Chick-fil-A Offering Free Ice Cream to Diners Who Put Away Their Cell Phones
The Chick-fil-A restaurant chain has announced that it will be rewarding free ice cream to customers who can enjoy their meal without looking at their cell phones.
The new initiative, Cell Phone Coop Challenge, invites customers to place their mobile phones in a small white box, representing a chicken coop, at their table so they may eat their meal without being tempted to check their devices.
If customers are able to eat their entire meal without looking at their phones, they are then rewarded free ice cream.
As Fox News reports, 150 Chick-fil-A locations are already participating in the event.
Brad Williams, who oversees a Chick-fil-A in Suwanee, Georgia, told the media outlet that his restaurant wants to "provide a sense of community for our customers, where family and friends can come together and share quality time with one another."
"But as we all know, technology increasingly demands more of our time and can be a big distraction, even while we're eating. This got me thinking about what we could do to reduce this distraction during meals," Williams, who came up with the "Cell Phone Coop Challenge," explained.
Williams told Inside Chick-fil-A that he is surprised by how much attention his challenge has gained.

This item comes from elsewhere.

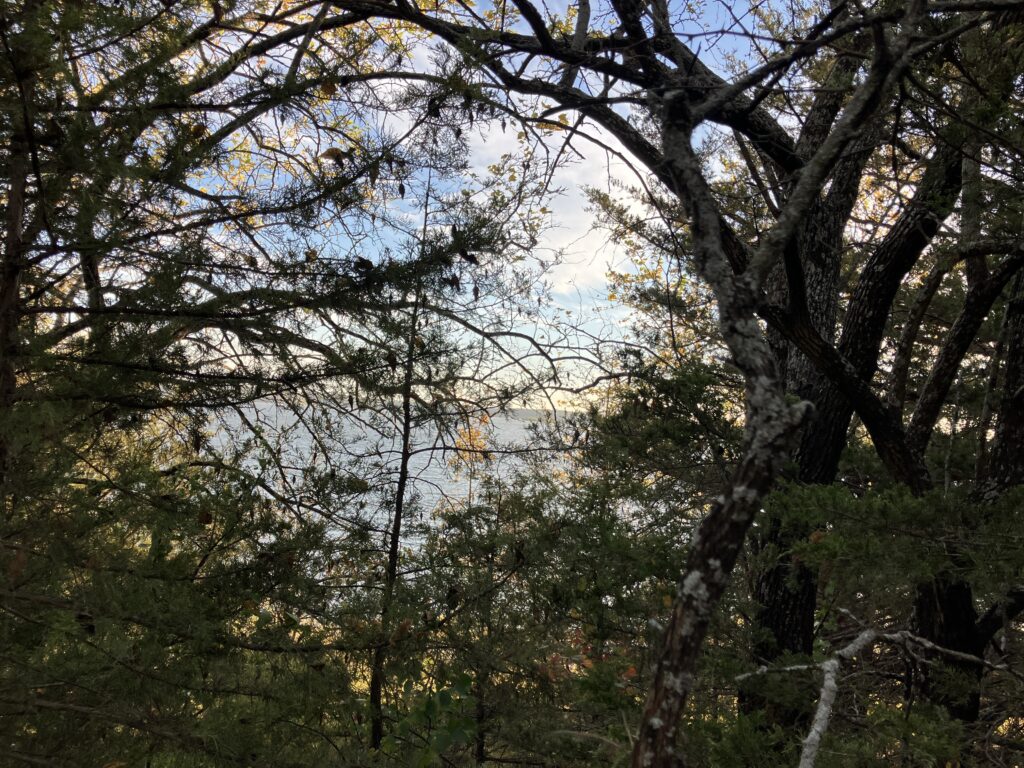 The hope was that the red trail would run along the water and we would have great water views. John said the white and blue trails did not have great water views even though the trail looks like it is near the water on the map.

"The challenge has completely taken off. We have families who aren't successful the first time and come back to try again. We even have people asking to take the boxes home with them," the restaurant operator said.
"I had no idea this challenge would get so big – we didn't even publicize it outside our restaurant," the business owner continued. "I just want to see if we can play a small part in helping the families within our community reconnect. It's what we're all about."

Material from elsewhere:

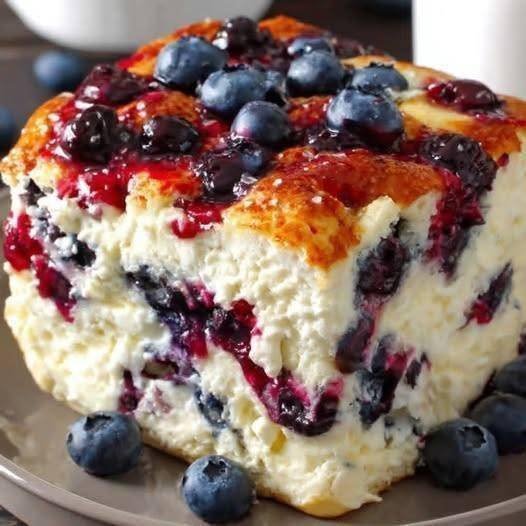 Assemble:Â Pour the batter into the prepared baking dish. Scatter the remaining blueberries across the top, pressing them slightly into the surface.
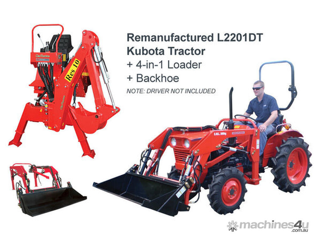 This listing is for a remanufactured Kubota L2201DT tractor, featuring a 4-in-1 front end loader and Del Morino RES10 backhoe.

Chick-fil-A, which was founded by S. Truett Cathy, a Southern Baptist, has a long history of Christian values that include giving back to the community.

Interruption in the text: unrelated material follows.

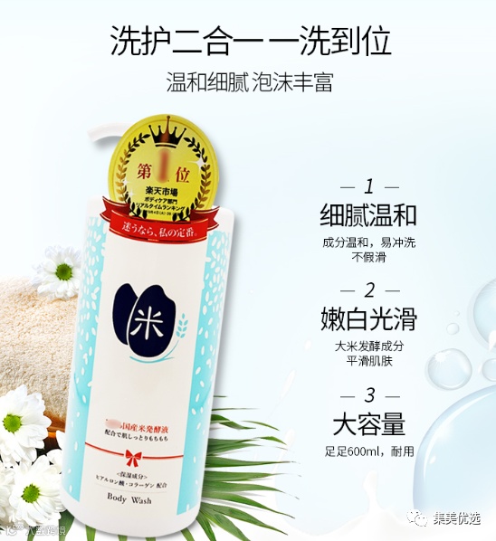 一瓶大米沐浴露,可以做到“清洁+去角质+保湿+调理肤质”,所以能够霸占着日本乐天销量No.1的位置。
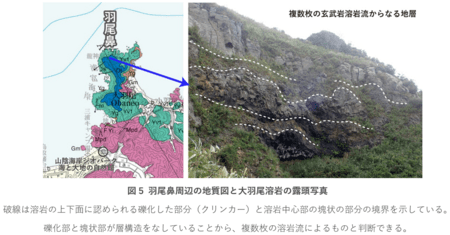 加えて、鳥取市の摩尼山では、これまで認識されていなかった約330万年前の火山の痕跡を見いだし、これを摩尼火山と命名しました(図4)。また、岩美町の羽尾鼻周辺に分布する玄武岩が約430万年前の溶岩であることを明らかにし、大羽尾溶岩と命名しました(図5、関連論文3)。兵庫県の湯村温泉周辺では、照来層群のカルデラ形成に先立つ火山活動を示す地層を識別し、湯層と命名しました。これらをはじめ、日本海形成前後に関わる多くの新知見が得られたことで、本図幅は山陰海岸ユネスコ世界ジオパーク域の大地の成り立ちに新たな理解を加えるものとなりました。

As The Christian Post reported in December 2015, a Chick-fil-A in Tennessee partnered with a local church to provide a van to a single mother who recently lost her car in a fire.
Todd Hunley, owner of Chick-fil-A in Madison, Tennessee, joined forces with Kevin Cook, a pastor from the local Crosspoint Community Church, to purchase a reliable vehicle for single mother Morgan Carter, whose car caught fire as she was ordering from the restaurant's drive-thru window.
Hunley told CP in an interview last year that he believes any Chick-fil-A restaurant in the country would have done the same if faced with a similar situation thanks to its charitable culture.
"The big thing is that whether this happened at my store or at any Chick-fil-A in the United States, I would bet almost 100 percent there would have been the same response because that is just how we are," Hunley said. "It's the coolest thing in the world when God gives you these opportunities. It was really neat just to be part of it."
In January, Joshua Stout, manager of a Chick-fil-A in Murfreesboro, Tennessee, was caught in an act of kindness when he bought a full meal for a homeless customer and offered to say a prayer with him.
"I was thankful to see so many people cared and so many people wanted to share it. We are a people business. We serve food, but we also serve kindness and compassion," Stout told News 2 of his act, which went viral on the internet.